Febrero — marzo de 2006

Su hermano Alberto, Mastroianni, Piccolo, Corvu y Angelo Dioguardi se habían organizado para que nunca estuviera solo en las horas de visita. A mediados de febrero sobornaron a la supervisora de planta y en la habitación individual de Balistreri empezaron a disputarse partidas de póquer nocturnas. Pero, a pesar de las artimañas seductoras de Mastroianni, la supervisora de planta no cedió en lo del humo, de modo que jugaban con la ventana abierta al frío exterior para que Balistreri pudiera dar alguna calada. Ni una palabra sobre los crímenes, la ENT o el trabajo. Solo póquer y un cigarrillo por la noche.

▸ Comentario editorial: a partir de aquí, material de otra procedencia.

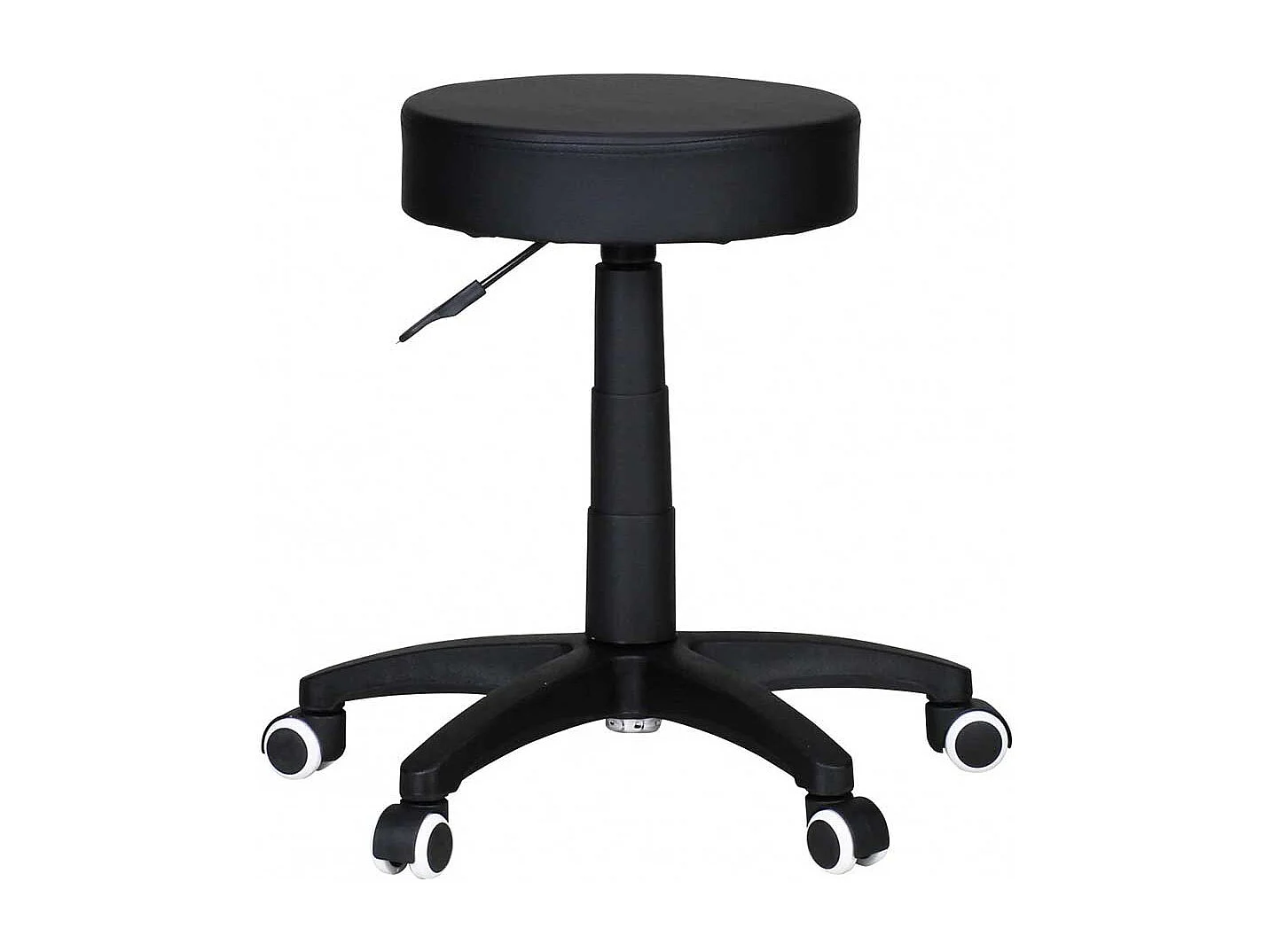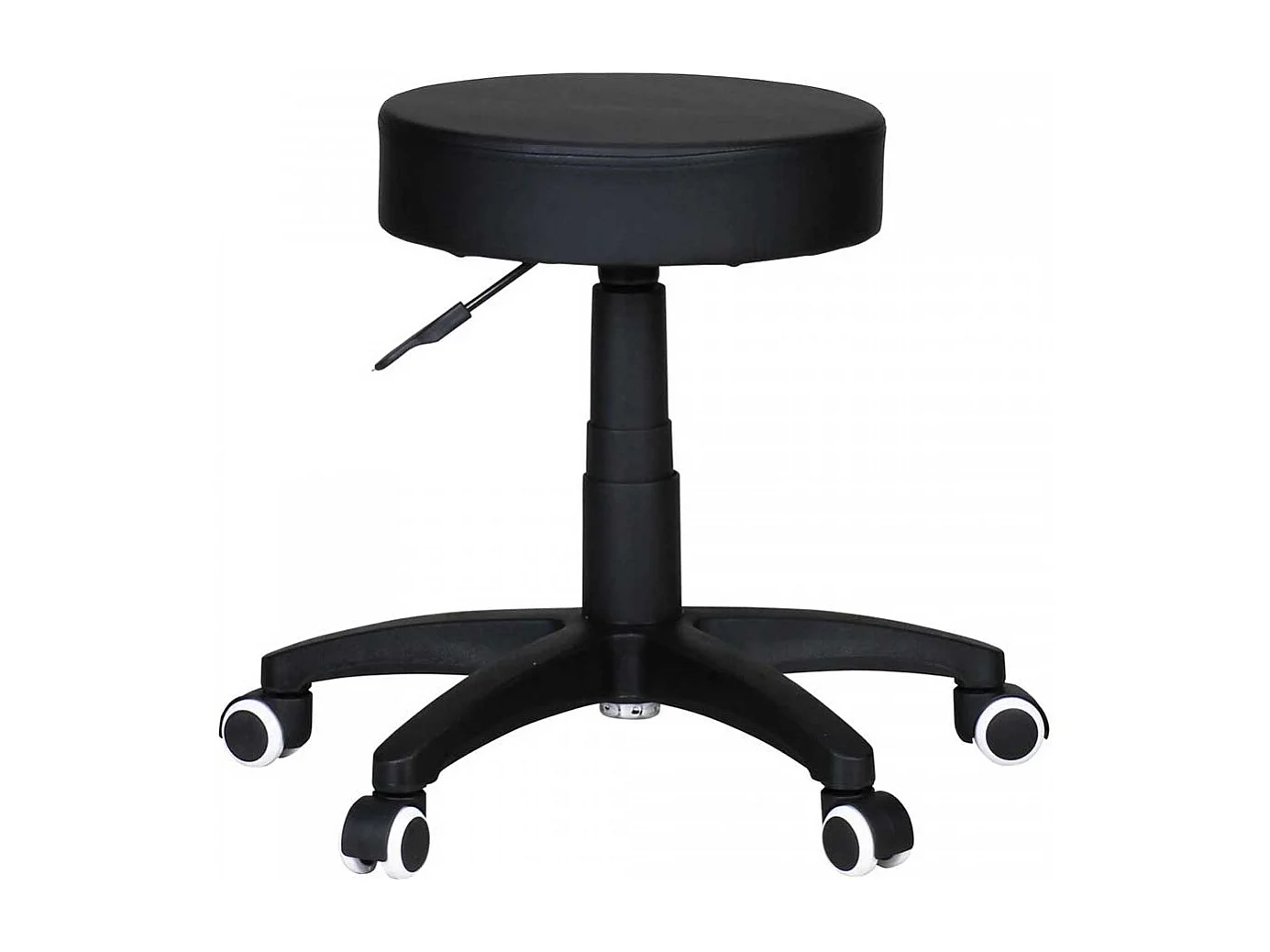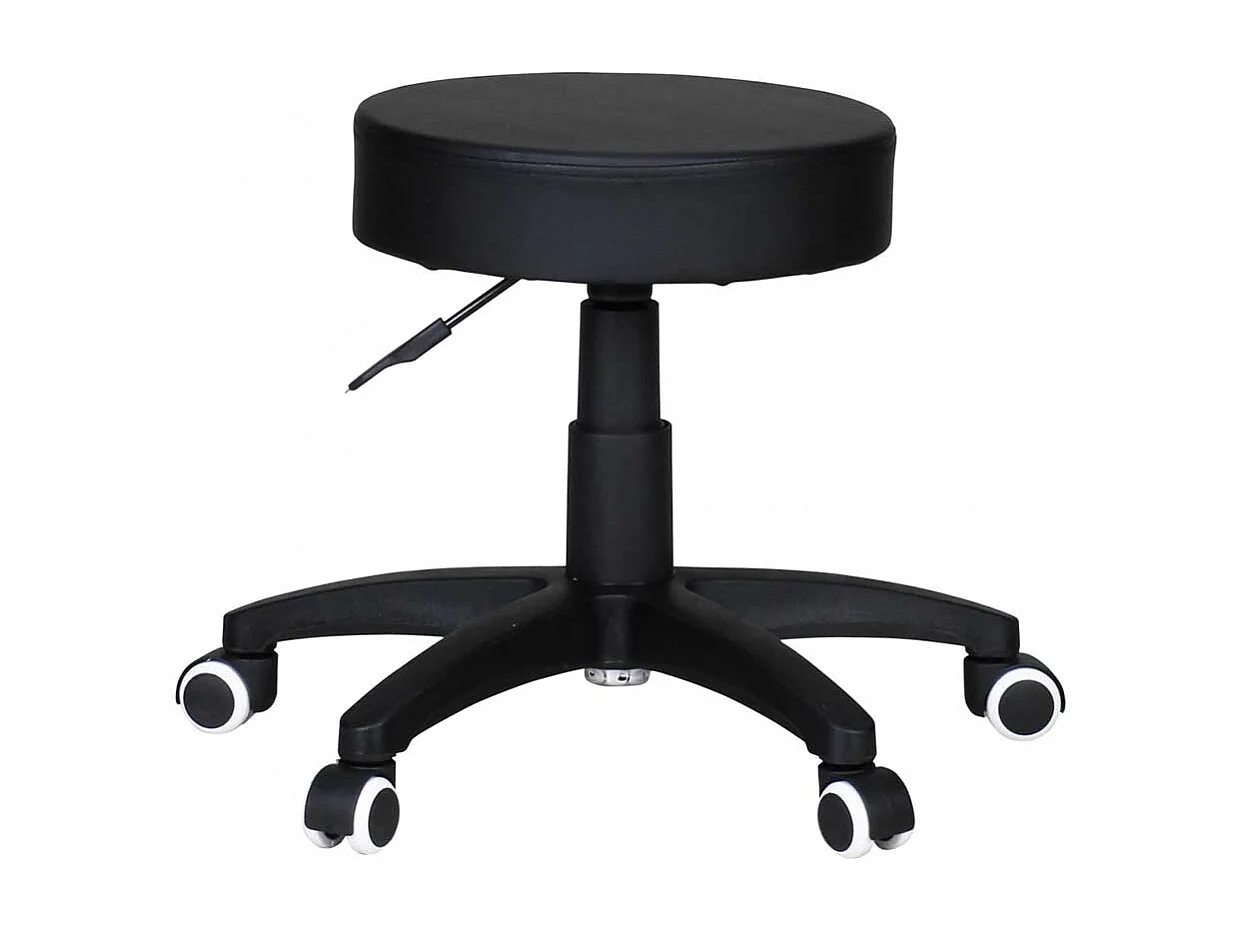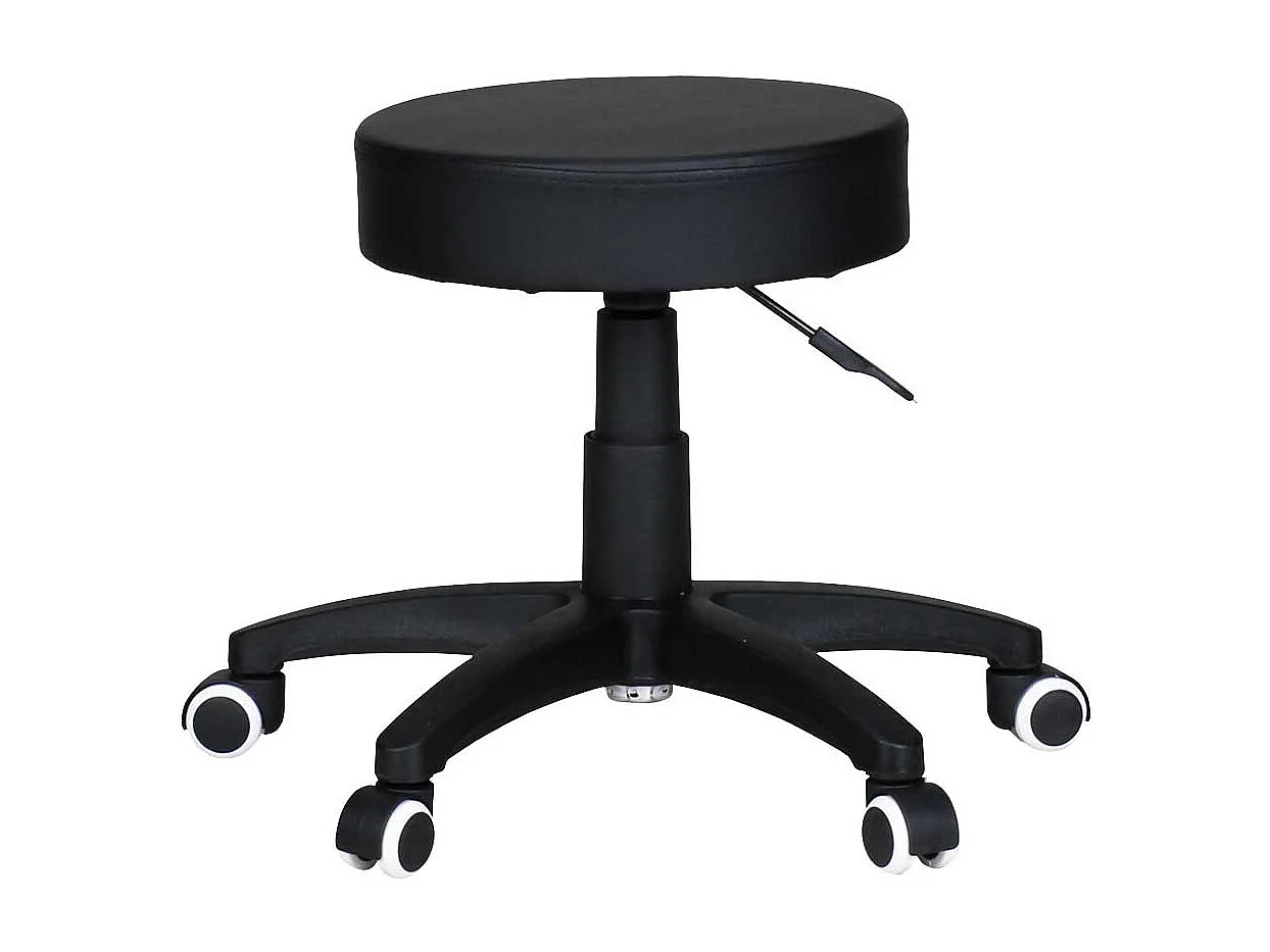 Höhenverstellbarer Arbeitshocker in Schwarz Kunstleder Rollen
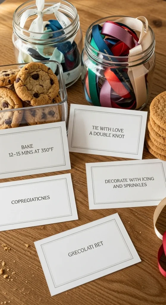 Instruction cards help guests package their cookies neatly. Print tips like “Use tissue paper to prevent breakage” or “Tie bags loosely to keep cookies soft.” Place them near the packaging station. This saves you from repeating the same instructions and gives guests guidance. Keep the cards short so they are easy to skim.
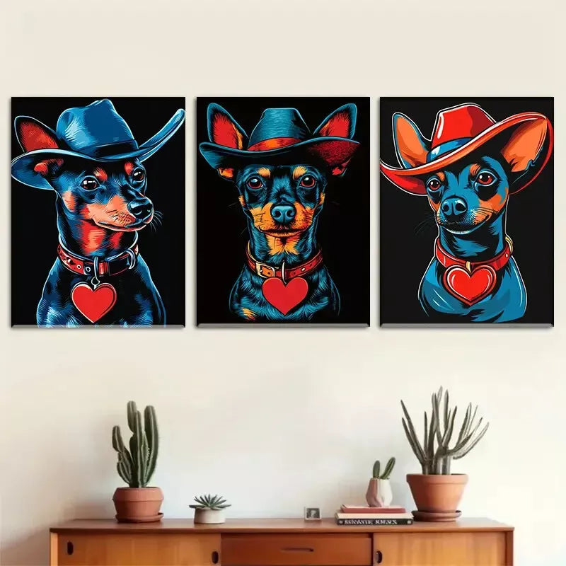 3pcs Vibrant Blue & Red Cowboy-Themed Dog Wall Art Set Canvas Framed 40x60cm - High Quality Print 100% Australian Made Wall Canvas Ready to Hang

Balistreri no había hablado con Linda, pero era como si sus artículos esporádicos siempre estuvieran dedicados a él. Su insólita moderación y su irrelevancia eran un mensaje. Artículos vacuos, a la espera de volver a hablar. Sobre esa promesa imaginaria Balistreri acarició una esperanza. «Recupérate tranquilamente, Michele, te espero.»

Cuando los médicos decidieron que podía volver a casa y continuar allí su convalecencia, Balistreri se sintió casi perdido. Se había acostumbrado a ese lugar, donde del mundo exterior solo llegaban ecos apagados y cosas bonitas traídas por su hermano y sus amigos. La vuelta a su piso junto al despacho le angustiaba, así como el contacto directo con la ciudad. Las paredes del hospital eran la última coartada de su rendición. Allí dentro no podía hacer nada. Una vez fuera, volver a enfrentarse al mundo únicamente dependería de él.

Solo una cosa le atraía de la idea de salir del hospital: la posibilidad de volver a ver a Linda Nardi. Su mente se negaba a obedecerle. Cuanto más se imponía no pensar en ella, más presente la tenía. Lo que le preocupaba eran las conversaciones que imaginaba entre ellos y la aparente ausencia de deseo físico. Tenía la clara sensación de ser definitivamente un viejo.

La mañana del 15 de marzo, el día señalado para el alta, abrió las ventanas a un día radiante, de esos tan especiales que en Roma anuncian la primavera. Estaba sentado en el sillón firmando los papeles del alta cuando la enfermera le anunció una visita fuera de horario.

Linda Nardi estaba mucho más guapa que nunca.

«Será que por primera vez la veo con otros ojos. Los ojos del soldado que vuelve de la guerra. Vencido pero vivo.»

Ella se quedó quieta un momento y luego le tendió los brazos. Él se levantó tambaleándose y, apoyado en las muletas, se dejó abrazar. Un abrazo silencioso, inmóvil, que venía de muy lejos.